Exclude all pictures, then write out exactly the lines below from the first one through the line with "blood of the".

## Dataset section
────────────────────────────────────────
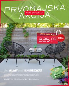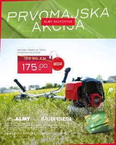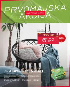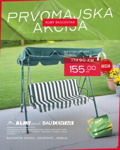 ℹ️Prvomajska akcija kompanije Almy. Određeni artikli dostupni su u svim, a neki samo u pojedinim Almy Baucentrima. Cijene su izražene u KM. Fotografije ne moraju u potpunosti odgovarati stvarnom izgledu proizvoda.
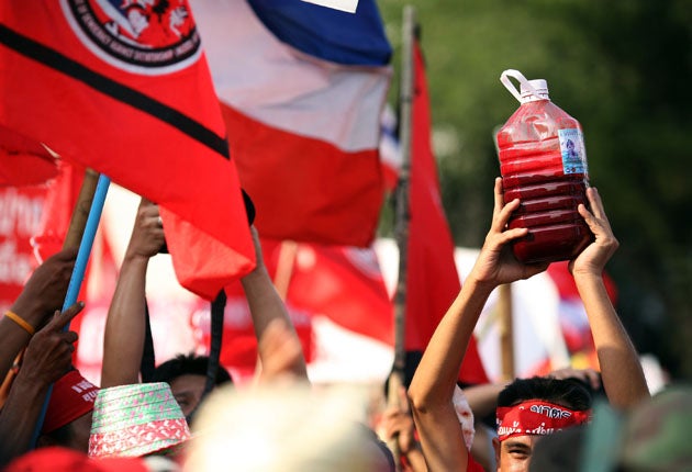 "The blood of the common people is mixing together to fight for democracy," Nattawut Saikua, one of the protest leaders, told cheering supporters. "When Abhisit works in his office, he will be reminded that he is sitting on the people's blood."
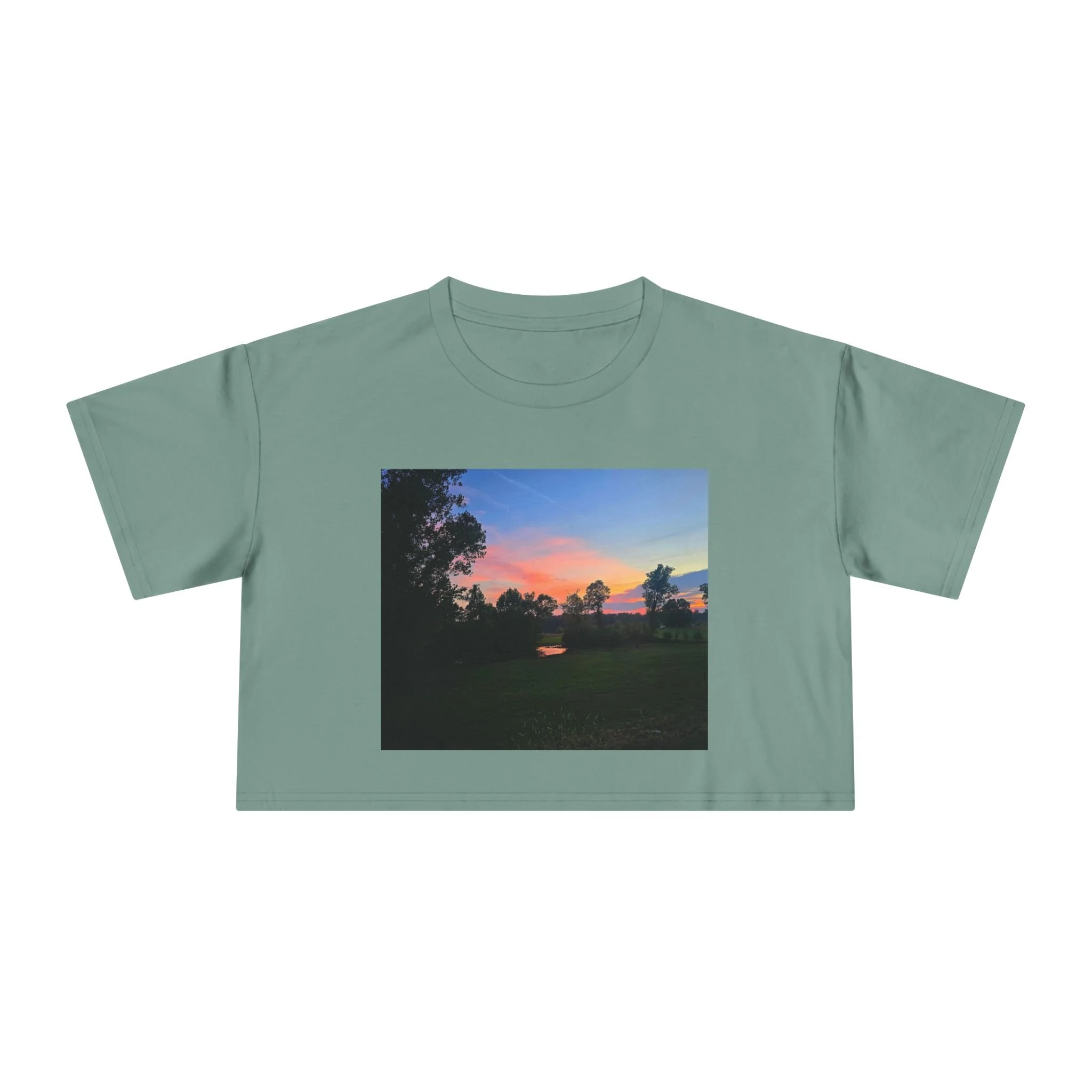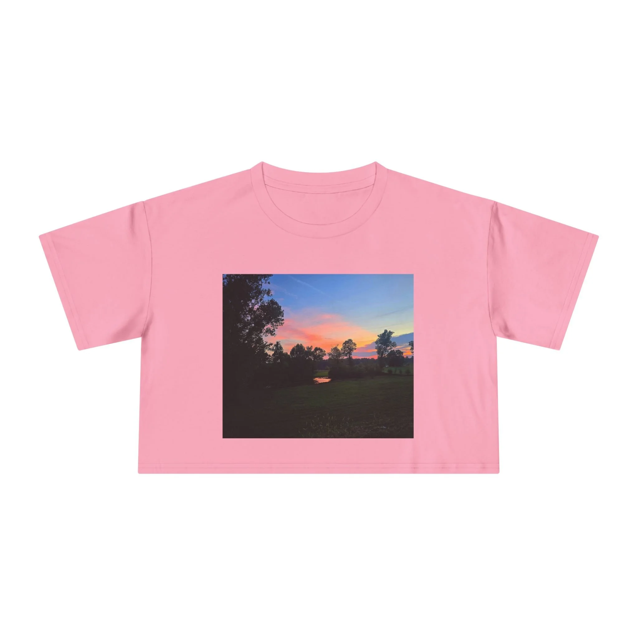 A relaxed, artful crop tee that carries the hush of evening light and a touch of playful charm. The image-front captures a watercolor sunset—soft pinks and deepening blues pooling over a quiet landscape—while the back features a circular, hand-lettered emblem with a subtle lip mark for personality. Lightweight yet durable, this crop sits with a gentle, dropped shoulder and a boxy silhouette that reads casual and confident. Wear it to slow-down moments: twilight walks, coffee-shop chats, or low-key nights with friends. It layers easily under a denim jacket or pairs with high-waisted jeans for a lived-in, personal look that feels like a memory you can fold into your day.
────────────────────────────────────────
## Result for this task
 ℹ️Prvomajska akcija kompanije Almy. Određeni artikli dostupni su u svim, a neki samo u pojedinim Almy Baucentrima. Cijene su izražene u KM. Fotografije ne moraju u potpunosti odgovarati stvarnom izgledu proizvoda.
 "The blood of the common people is mixing together to fight for democracy," Nattawut Saikua, one of the protest leaders, told cheering supporters. "When Abhisit works in his office, he will be reminded that he is sitting on the people's blood."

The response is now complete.